I while ago I optimized my Screen Saver Gallery API by loading a flat data file into lambda memory. A nightly job selects a random subset of the database and stores it in S3, and the API uses that file for the next 24 hours.
This simplified my code, reduced costs, and improved performance.
The average API calls took 50-100ms! …but the start-up time was 5 seconds!!!
I was using a lambda warmer, so most clients didn’t hit the 5-second latency, but I wondered if I could reduce it.

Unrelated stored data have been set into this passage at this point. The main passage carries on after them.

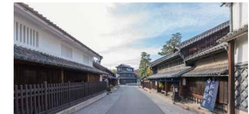
重要伝統的建造物群保存地区に選定された有松の町並み The Arimatsu townscape, selected as an Important Preservation District for Groups of Traditional Buildings

住みたいまち 訪れたいまち 緑区 Midori Ward, the neighborhood you want to visit and live in
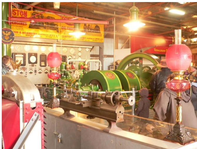
Inside the sheds this Marshall Britannia was one of many engines working in the Britannia Shed and The twin cylinder Ruston in Phoenix shed fits well with the printing press and engine displays.
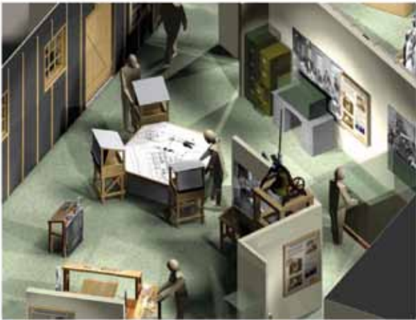
Main exhibit room combines artifacts with modern technology.

When visitors tour the Interpretive Learning Center at the Grand Opening on August 20, they will encounter a permanent exhibit that draws them into the drama of life behind the barbed wire fences of the Heart Mountain Relocation Center.
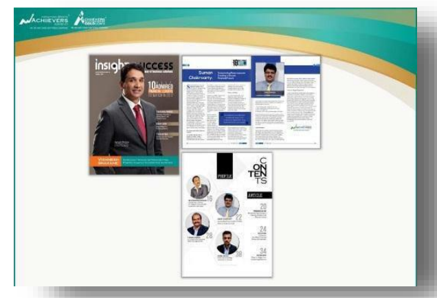
The 10 Most Admired Financial Leaders to Watch in 2017

TL;DR; Store an uncompressed JSON file in a Lambda Layer and rebuild it periodically
Before
A nightly process reads data from Dynamo DB and generates a zip file that looks like this:
- cache.zip
- tableA.json
- tableB.json
- cache.zip
The zip file is stored in S3
When the lambda starts, it loads the zip file from S3, and loads it into memory (Duration: 4-5 seconds)
1
let cache: Record<string, ITable>;
All future requests are served from the in-memory cache (50-100ms)
Attempt 1
Instead of loading from S3, store the zip file in a lambda layer, and rebuild the layer every night.
Result: This reduced the start-up by 1 second.
Attempt 2
The layer improved the load time, so it was a good start, but I felt like it should be faster.
I added some basic timers to my warmup function and discovered that almost 3 seconds were spent parsing the 217 files from the zip file.
I updated the code to parse the table files in parallel but it only shaved off 500ms.
Attempt 3
Armed with the timing information, I understood that my load issue was computationally constrained - decompressing zip files requires CPU cycles.
I refactored my lambda layer cache to be a single cache.json
file that looks like this
1 | { |
The lambda can load the data using readFileSync('/opt/cache.json')
and parse it immediately.
Presto: Start-up load time is 500ms - a 10x improvement!
Conclusion
If your data is relatively static you can cache it as a flat file in a Lambda layer to reduce app complexity, costs, and startup times. Use a Lambda to periodically query a new data set and publish a new Lambda Layer Version.
When using layers, your maximum package size is 250MB. By compressing your data files you can cache A LOT of data, but you will experience decompression latency.